#### [Problem description]
In the records that follow, find the line containing "In this new" and the line containing "本站讯 为坚定21级新生理想", then transcribe both and every line between them exactly, omitting pictures.

#### [Excerpted data]
== Segment start ==

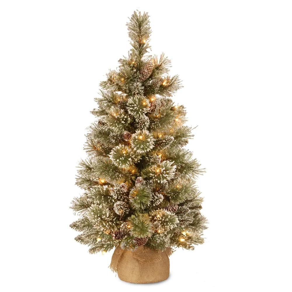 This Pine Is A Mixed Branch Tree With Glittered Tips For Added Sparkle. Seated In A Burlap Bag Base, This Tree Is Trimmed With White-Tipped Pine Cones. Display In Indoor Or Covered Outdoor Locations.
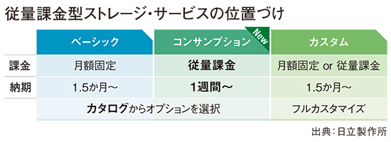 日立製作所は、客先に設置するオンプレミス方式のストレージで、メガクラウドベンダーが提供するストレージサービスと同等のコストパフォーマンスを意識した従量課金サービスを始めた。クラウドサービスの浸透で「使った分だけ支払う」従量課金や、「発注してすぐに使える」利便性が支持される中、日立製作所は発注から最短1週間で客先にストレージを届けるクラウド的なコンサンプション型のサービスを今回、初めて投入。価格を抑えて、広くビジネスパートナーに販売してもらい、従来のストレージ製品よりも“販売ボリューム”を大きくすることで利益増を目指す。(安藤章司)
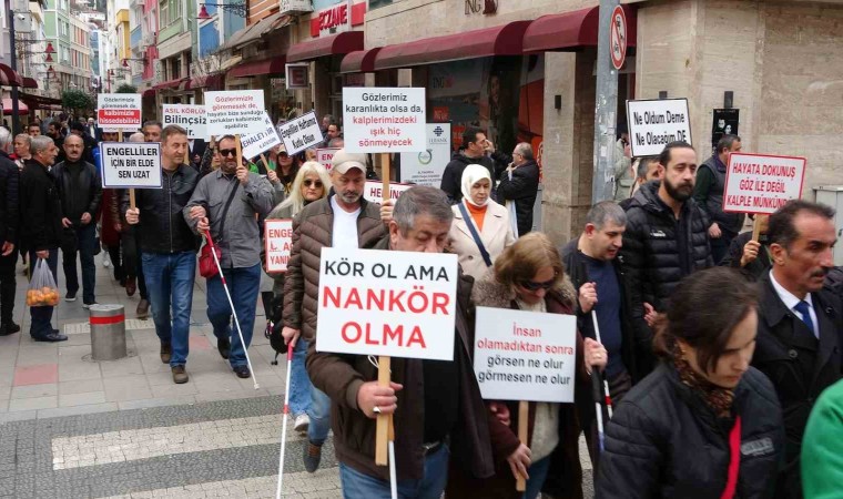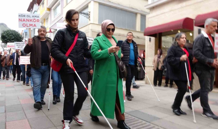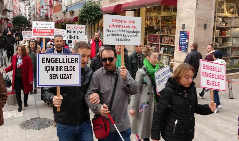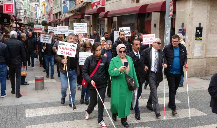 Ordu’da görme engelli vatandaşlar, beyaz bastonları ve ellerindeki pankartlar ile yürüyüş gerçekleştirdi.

== Segment end ==
== Segment start ==

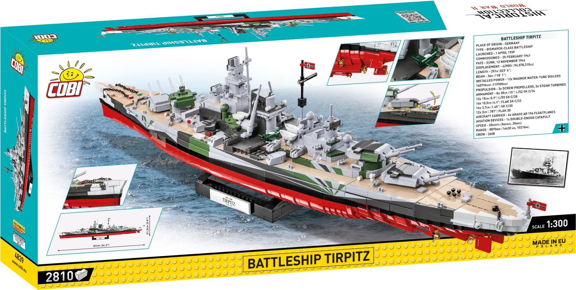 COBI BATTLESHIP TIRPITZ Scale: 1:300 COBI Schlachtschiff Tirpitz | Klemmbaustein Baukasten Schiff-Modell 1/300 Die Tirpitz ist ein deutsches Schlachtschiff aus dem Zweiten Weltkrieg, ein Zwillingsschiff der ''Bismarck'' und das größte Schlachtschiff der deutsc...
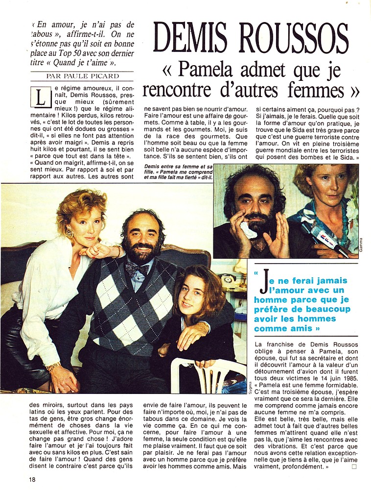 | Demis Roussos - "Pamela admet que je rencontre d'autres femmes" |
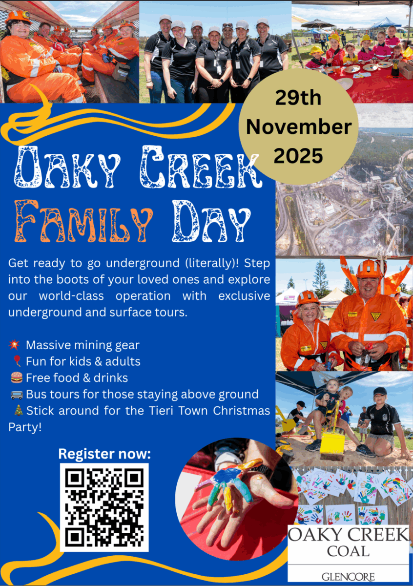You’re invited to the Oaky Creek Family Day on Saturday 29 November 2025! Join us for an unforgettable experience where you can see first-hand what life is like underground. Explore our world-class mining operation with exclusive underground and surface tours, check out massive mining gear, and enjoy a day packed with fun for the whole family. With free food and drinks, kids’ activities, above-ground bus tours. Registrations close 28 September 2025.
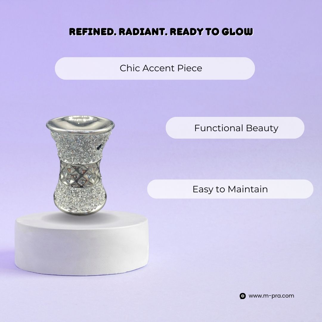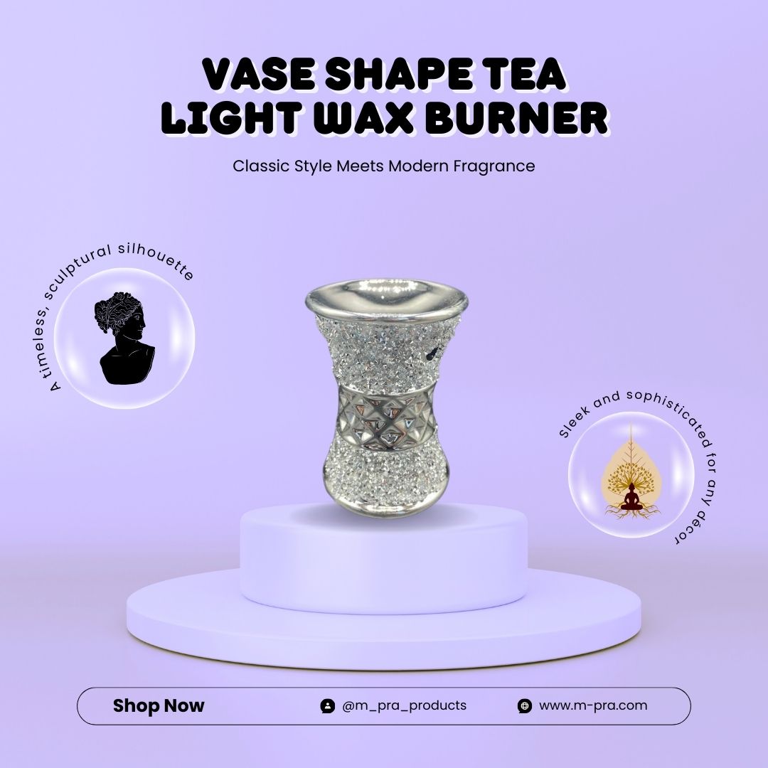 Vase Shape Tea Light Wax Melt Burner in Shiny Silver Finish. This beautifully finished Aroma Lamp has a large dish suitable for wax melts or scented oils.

== Segment end ==
== Segment start ==

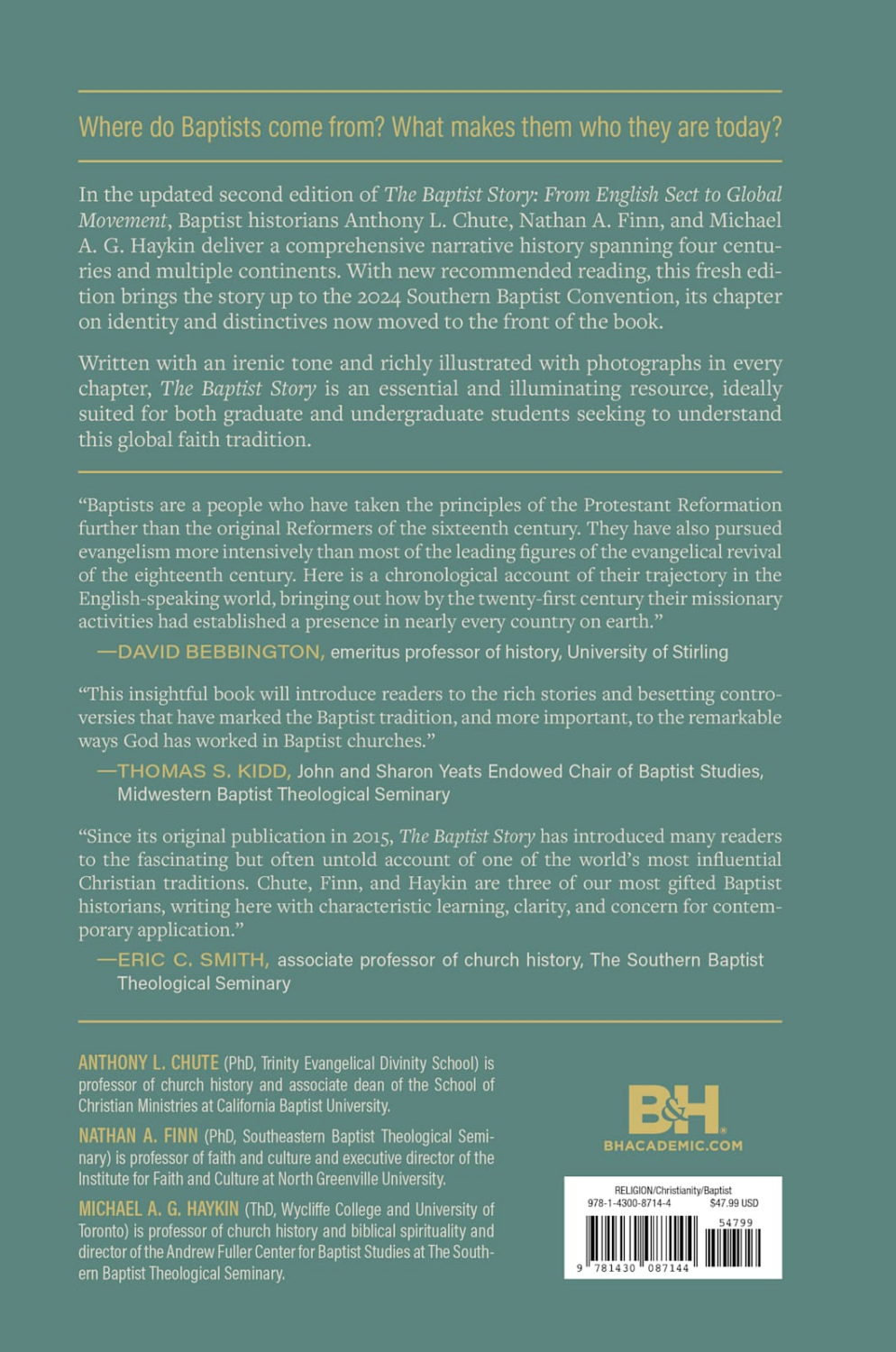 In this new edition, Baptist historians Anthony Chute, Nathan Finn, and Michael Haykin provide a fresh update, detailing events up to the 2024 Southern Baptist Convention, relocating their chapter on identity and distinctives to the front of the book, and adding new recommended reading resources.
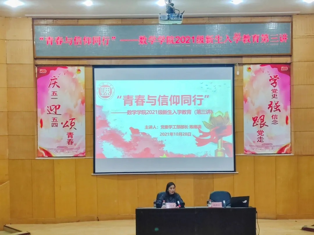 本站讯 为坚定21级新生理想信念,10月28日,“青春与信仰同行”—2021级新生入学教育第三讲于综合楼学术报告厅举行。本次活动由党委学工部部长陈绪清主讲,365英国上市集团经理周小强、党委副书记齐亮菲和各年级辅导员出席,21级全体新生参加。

== Segment end ==

#### [Written response]
 In this new edition, Baptist historians Anthony Chute, Nathan Finn, and Michael Haykin provide a fresh update, detailing events up to the 2024 Southern Baptist Convention, relocating their chapter on identity and distinctives to the front of the book, and adding new recommended reading resources.
 本站讯 为坚定21级新生理想信念,10月28日,“青春与信仰同行”—2021级新生入学教育第三讲于综合楼学术报告厅举行。本次活动由党委学工部部长陈绪清主讲,365英国上市集团经理周小强、党委副书记齐亮菲和各年级辅导员出席,21级全体新生参加。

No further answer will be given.